_SUPPLIED RECORDS:_
--------

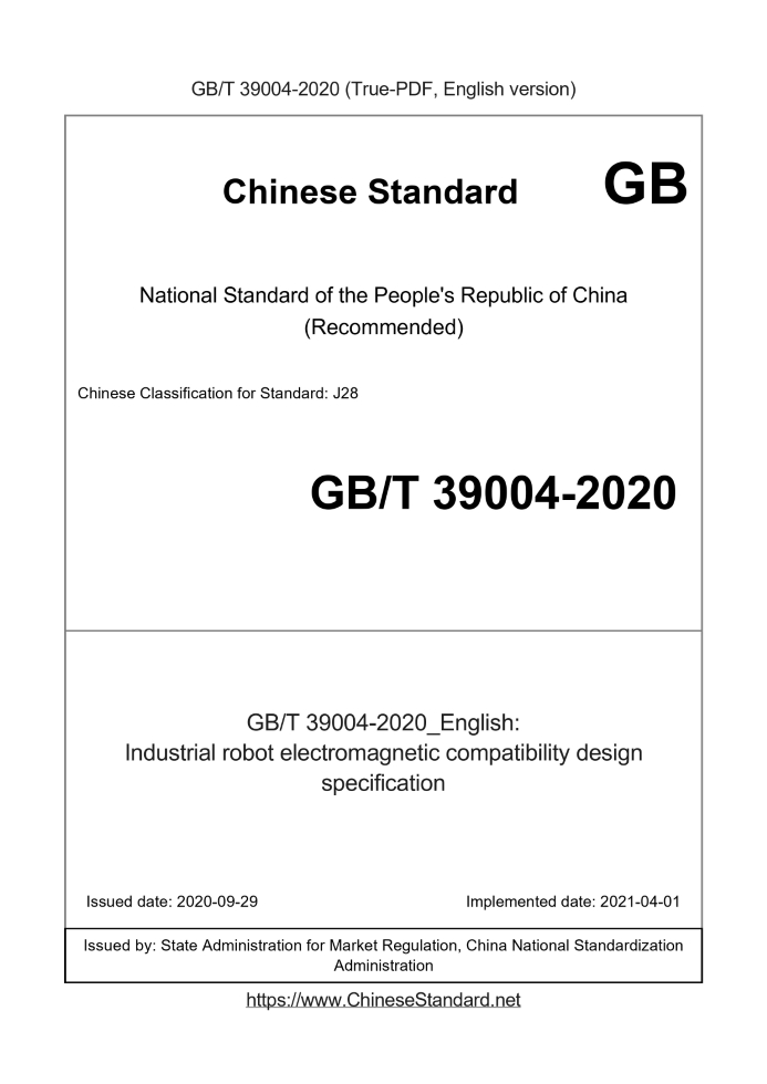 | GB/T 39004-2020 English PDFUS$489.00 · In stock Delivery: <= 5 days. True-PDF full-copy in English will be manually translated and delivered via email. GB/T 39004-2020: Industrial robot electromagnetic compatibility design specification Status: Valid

--------

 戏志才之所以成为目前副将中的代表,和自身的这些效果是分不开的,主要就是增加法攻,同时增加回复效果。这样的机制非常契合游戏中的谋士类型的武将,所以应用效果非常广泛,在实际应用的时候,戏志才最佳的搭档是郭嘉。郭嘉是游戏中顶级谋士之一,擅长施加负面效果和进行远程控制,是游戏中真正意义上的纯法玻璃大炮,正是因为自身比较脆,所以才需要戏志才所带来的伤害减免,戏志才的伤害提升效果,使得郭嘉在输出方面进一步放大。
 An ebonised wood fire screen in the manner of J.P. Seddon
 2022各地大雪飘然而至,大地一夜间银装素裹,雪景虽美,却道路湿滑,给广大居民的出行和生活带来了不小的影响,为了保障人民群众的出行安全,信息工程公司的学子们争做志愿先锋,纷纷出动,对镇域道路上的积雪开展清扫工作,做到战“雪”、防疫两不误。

--------

_TASK REQUIREMENTS:_ Print the lines above from the one with "戏志才之所以成为目前副将中的" through the one with "2022各地大雪飘然而至,大", both included, exactly as written and nothing more.

_COMPLETED TASK:_
 戏志才之所以成为目前副将中的代表,和自身的这些效果是分不开的,主要就是增加法攻,同时增加回复效果。这样的机制非常契合游戏中的谋士类型的武将,所以应用效果非常广泛,在实际应用的时候,戏志才最佳的搭档是郭嘉。郭嘉是游戏中顶级谋士之一,擅长施加负面效果和进行远程控制,是游戏中真正意义上的纯法玻璃大炮,正是因为自身比较脆,所以才需要戏志才所带来的伤害减免,戏志才的伤害提升效果,使得郭嘉在输出方面进一步放大。
 An ebonised wood fire screen in the manner of J.P. Seddon
 2022各地大雪飘然而至,大地一夜间银装素裹,雪景虽美,却道路湿滑,给广大居民的出行和生活带来了不小的影响,为了保障人民群众的出行安全,信息工程公司的学子们争做志愿先锋,纷纷出动,对镇域道路上的积雪开展清扫工作,做到战“雪”、防疫两不误。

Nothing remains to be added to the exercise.